- Work order: Would you find each line in the entries below with the string "View" and copy it?

(Data shown Opens)

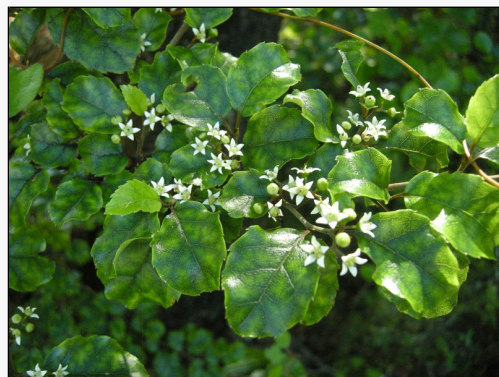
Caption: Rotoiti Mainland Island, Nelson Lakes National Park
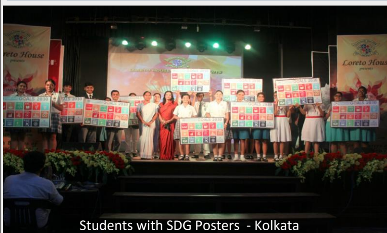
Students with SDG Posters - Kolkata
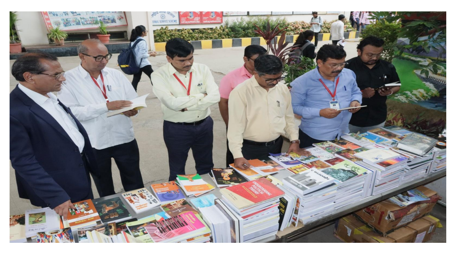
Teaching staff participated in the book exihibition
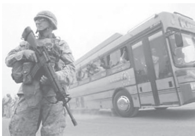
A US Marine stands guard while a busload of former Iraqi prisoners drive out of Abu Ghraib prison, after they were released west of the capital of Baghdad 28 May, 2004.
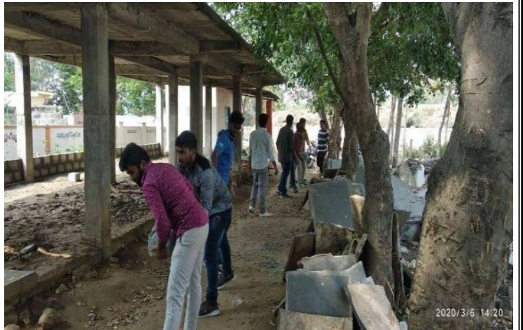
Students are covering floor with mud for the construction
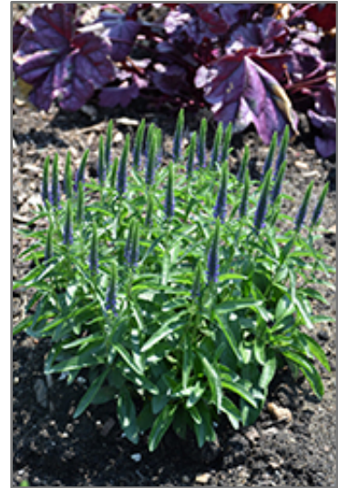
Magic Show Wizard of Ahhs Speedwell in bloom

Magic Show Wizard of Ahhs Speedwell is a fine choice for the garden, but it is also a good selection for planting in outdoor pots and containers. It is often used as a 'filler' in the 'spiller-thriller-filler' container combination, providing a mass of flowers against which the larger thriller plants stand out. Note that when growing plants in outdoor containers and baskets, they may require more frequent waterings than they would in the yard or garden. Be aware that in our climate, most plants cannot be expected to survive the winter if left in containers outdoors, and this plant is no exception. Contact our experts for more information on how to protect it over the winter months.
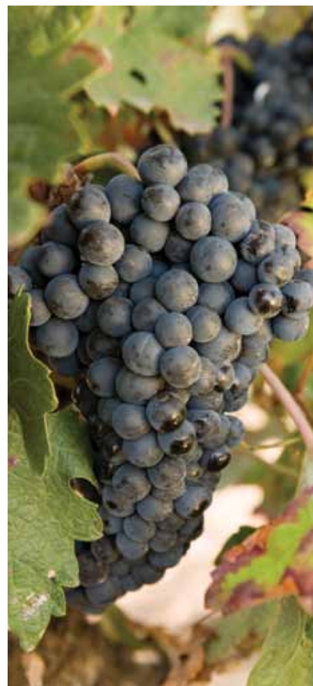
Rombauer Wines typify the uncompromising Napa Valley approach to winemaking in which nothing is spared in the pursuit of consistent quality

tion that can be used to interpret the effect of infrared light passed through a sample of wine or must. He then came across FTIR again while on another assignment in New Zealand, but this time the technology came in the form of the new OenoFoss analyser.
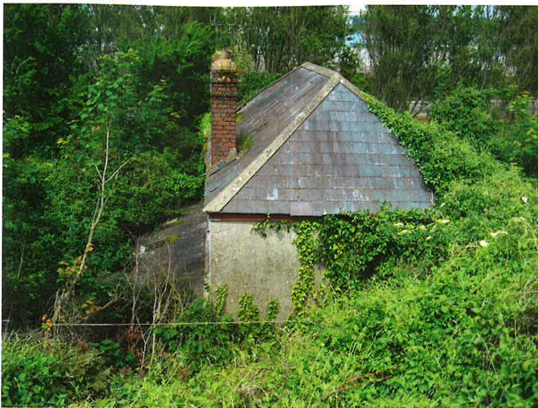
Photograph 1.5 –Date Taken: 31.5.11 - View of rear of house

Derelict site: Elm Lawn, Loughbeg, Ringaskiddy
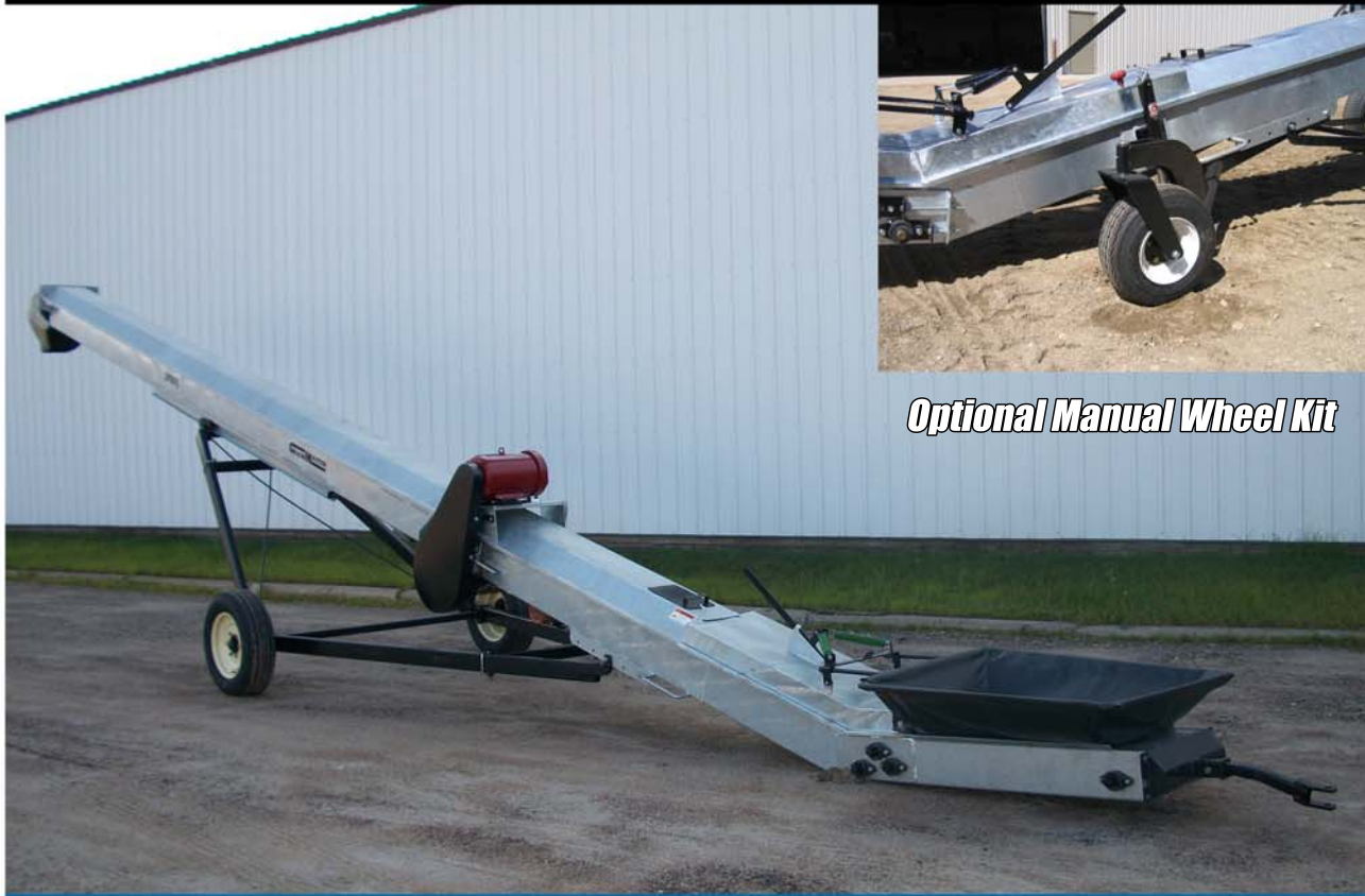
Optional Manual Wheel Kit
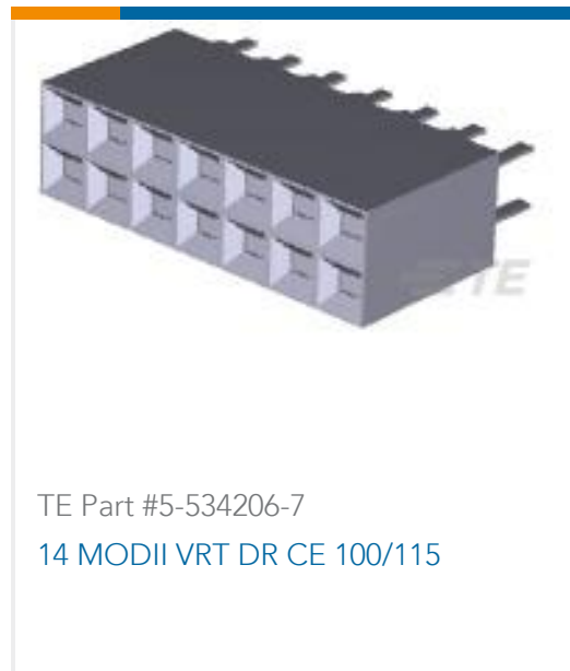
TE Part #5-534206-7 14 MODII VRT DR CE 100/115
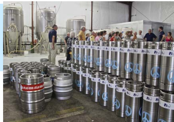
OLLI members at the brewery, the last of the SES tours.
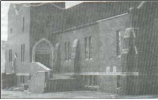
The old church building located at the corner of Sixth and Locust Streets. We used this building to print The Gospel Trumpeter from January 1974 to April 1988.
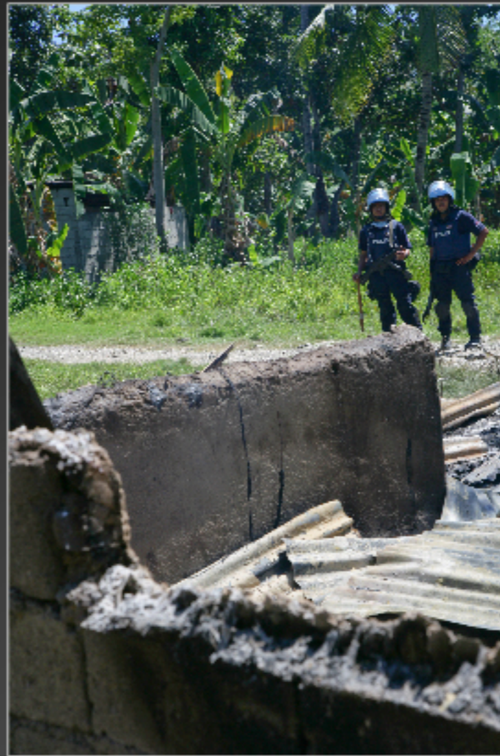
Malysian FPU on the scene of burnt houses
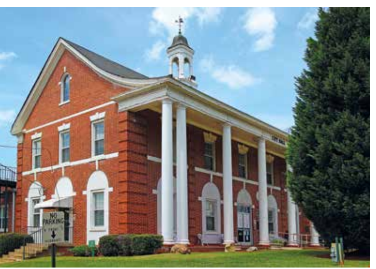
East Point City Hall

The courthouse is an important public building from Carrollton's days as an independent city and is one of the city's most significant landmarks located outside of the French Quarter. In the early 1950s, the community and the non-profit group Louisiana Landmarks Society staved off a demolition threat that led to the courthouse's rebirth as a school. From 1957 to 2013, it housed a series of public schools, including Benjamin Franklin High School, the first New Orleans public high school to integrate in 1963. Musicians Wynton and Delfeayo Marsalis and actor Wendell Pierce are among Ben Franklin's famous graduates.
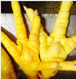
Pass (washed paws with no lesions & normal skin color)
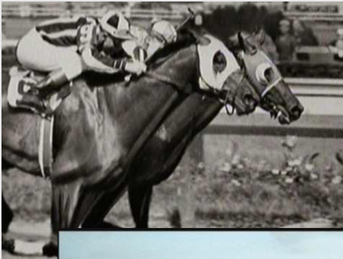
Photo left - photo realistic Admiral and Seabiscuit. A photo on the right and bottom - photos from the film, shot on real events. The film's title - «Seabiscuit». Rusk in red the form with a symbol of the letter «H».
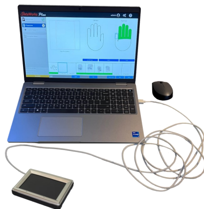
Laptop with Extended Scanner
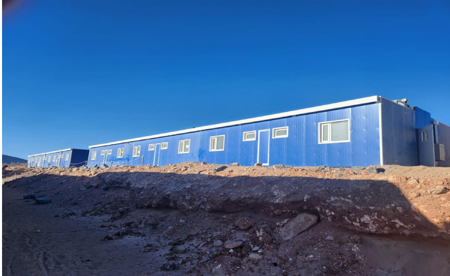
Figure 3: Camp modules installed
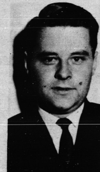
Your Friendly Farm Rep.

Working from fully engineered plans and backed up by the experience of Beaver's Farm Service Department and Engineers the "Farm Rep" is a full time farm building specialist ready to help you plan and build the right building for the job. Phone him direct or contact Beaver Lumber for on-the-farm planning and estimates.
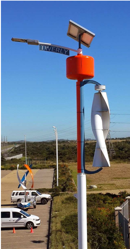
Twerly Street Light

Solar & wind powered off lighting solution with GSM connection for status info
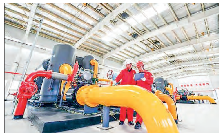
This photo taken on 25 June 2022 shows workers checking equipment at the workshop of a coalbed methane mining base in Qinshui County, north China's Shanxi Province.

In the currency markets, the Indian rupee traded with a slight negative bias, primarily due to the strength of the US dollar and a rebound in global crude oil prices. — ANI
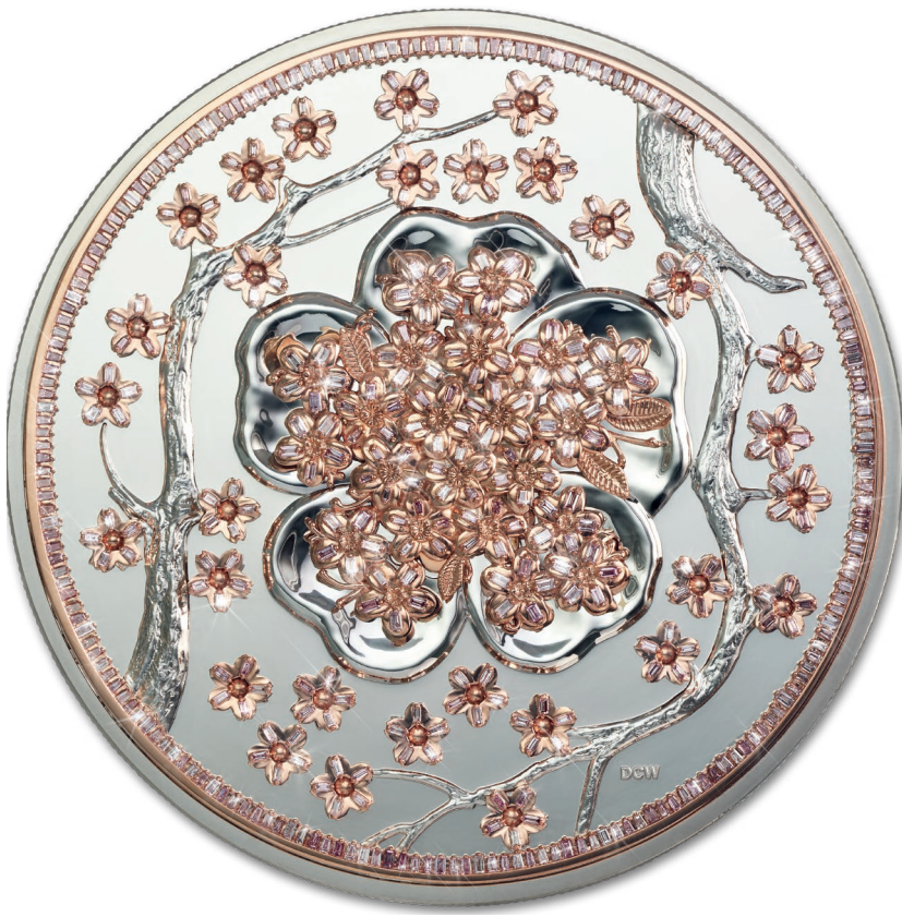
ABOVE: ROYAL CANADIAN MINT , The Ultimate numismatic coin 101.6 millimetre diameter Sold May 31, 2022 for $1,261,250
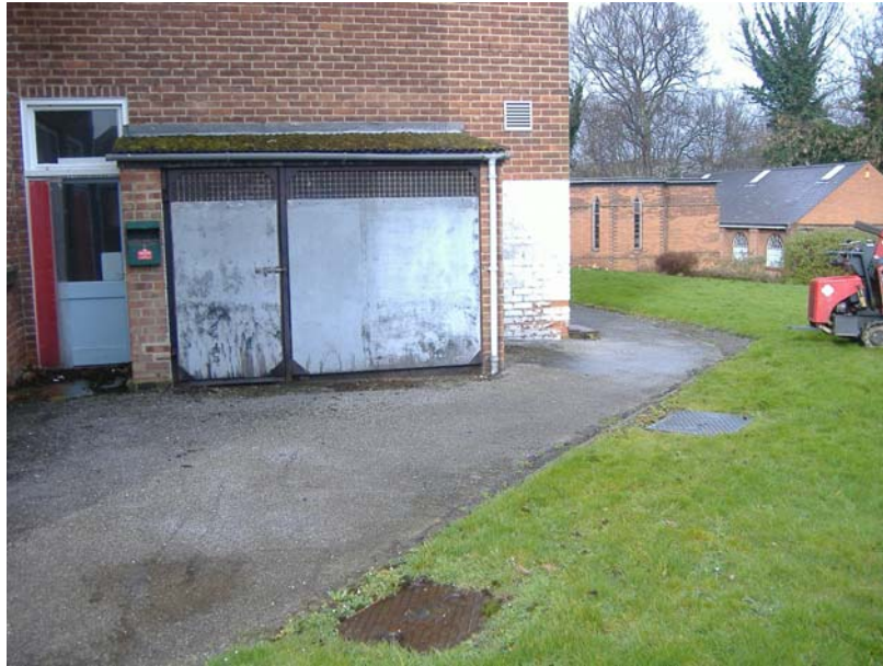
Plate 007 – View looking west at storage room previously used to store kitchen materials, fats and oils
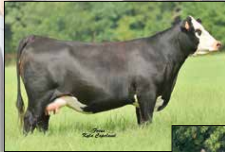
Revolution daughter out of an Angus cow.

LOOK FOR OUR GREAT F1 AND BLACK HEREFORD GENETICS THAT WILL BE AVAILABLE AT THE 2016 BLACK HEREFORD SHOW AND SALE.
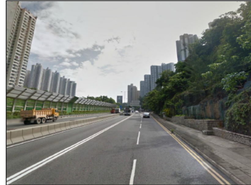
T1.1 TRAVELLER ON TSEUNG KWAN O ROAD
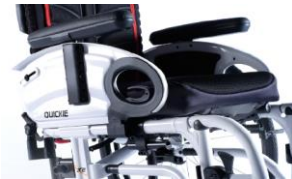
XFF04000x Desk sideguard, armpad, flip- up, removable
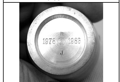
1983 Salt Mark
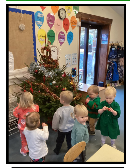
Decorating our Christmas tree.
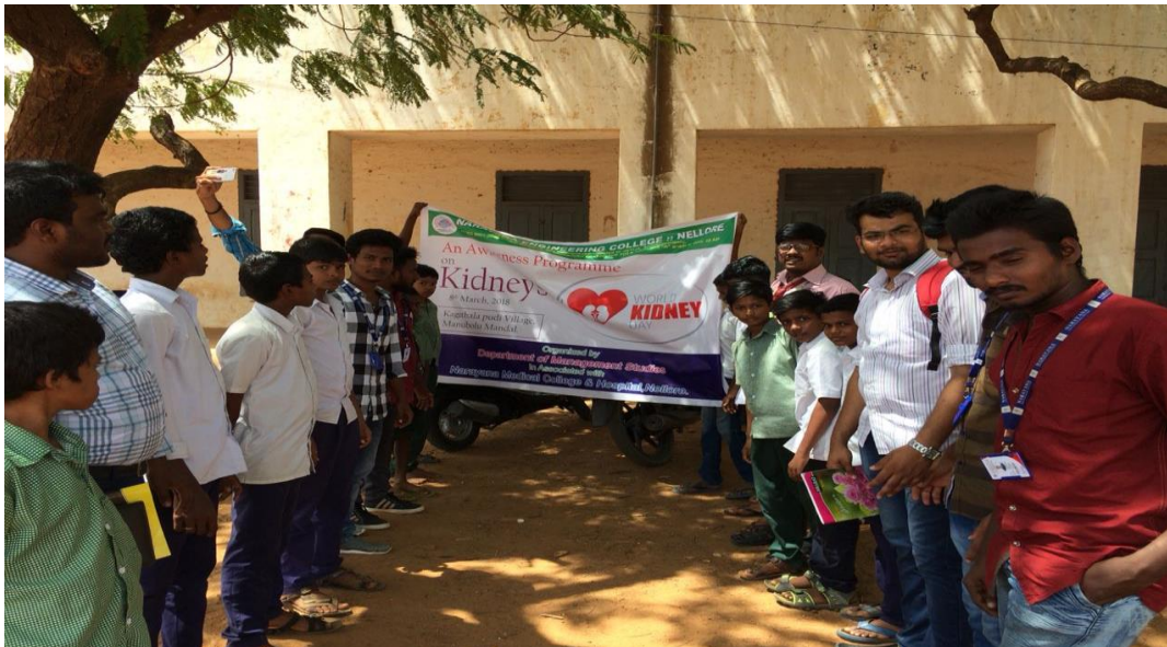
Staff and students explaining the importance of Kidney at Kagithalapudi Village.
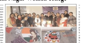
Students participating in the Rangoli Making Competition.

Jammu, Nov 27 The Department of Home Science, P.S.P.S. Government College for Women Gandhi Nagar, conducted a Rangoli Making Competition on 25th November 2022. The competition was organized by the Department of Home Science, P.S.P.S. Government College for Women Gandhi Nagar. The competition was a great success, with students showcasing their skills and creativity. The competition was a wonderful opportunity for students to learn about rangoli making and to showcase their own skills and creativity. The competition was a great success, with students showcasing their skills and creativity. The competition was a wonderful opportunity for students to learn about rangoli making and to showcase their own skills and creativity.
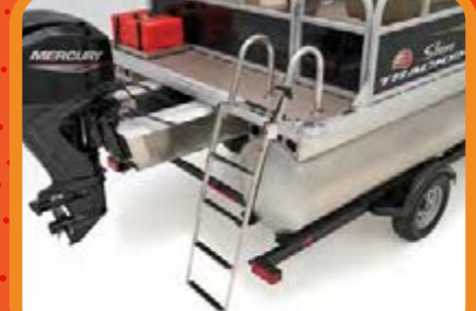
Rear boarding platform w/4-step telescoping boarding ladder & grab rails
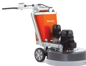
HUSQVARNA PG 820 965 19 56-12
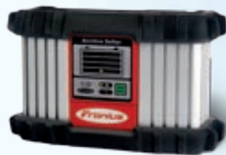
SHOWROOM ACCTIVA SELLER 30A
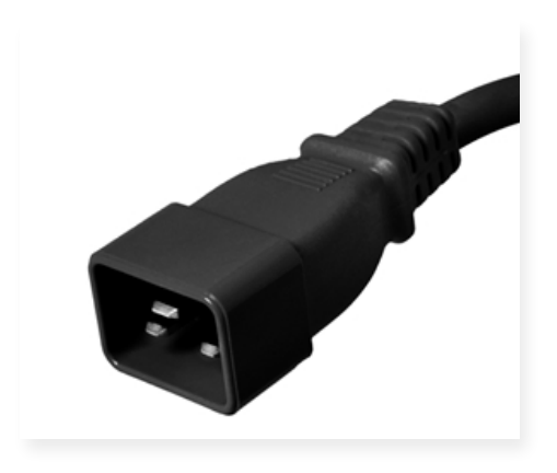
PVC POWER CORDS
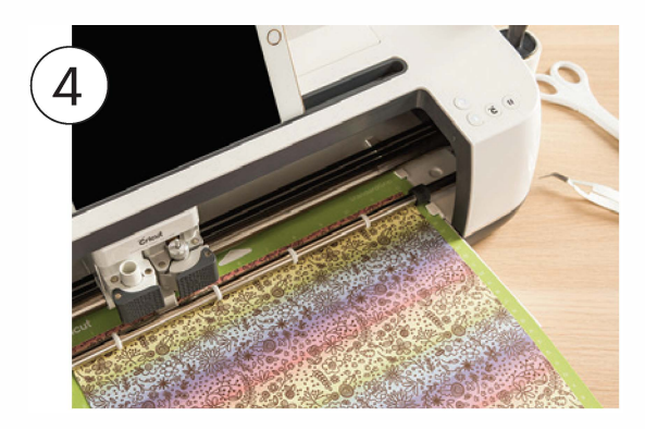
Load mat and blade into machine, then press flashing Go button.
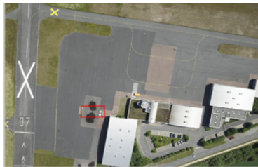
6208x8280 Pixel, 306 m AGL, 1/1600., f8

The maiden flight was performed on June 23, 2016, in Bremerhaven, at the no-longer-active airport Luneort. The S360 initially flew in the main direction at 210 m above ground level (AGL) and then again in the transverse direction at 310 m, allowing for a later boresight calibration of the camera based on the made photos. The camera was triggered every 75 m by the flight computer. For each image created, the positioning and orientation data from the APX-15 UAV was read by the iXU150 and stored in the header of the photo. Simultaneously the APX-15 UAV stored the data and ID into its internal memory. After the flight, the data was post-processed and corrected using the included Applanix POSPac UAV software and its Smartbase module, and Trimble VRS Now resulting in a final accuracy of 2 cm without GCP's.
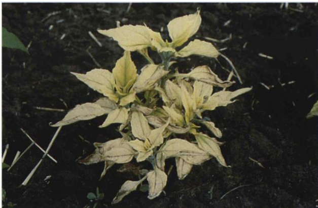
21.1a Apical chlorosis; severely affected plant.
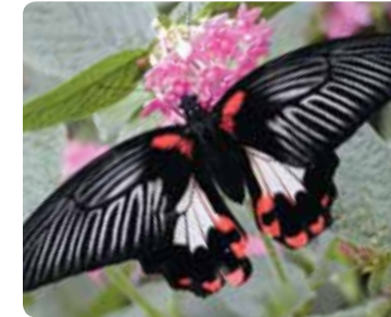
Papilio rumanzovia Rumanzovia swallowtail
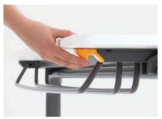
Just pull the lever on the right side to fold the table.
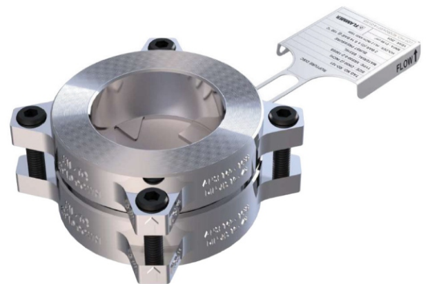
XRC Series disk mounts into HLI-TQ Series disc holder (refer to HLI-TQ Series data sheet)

(Data shown Closes)

- Written reply:
Photograph 1.5 –Date Taken: 31.5.11 - View of rear of house
Plate 007 – View looking west at storage room previously used to store kitchen materials, fats and oils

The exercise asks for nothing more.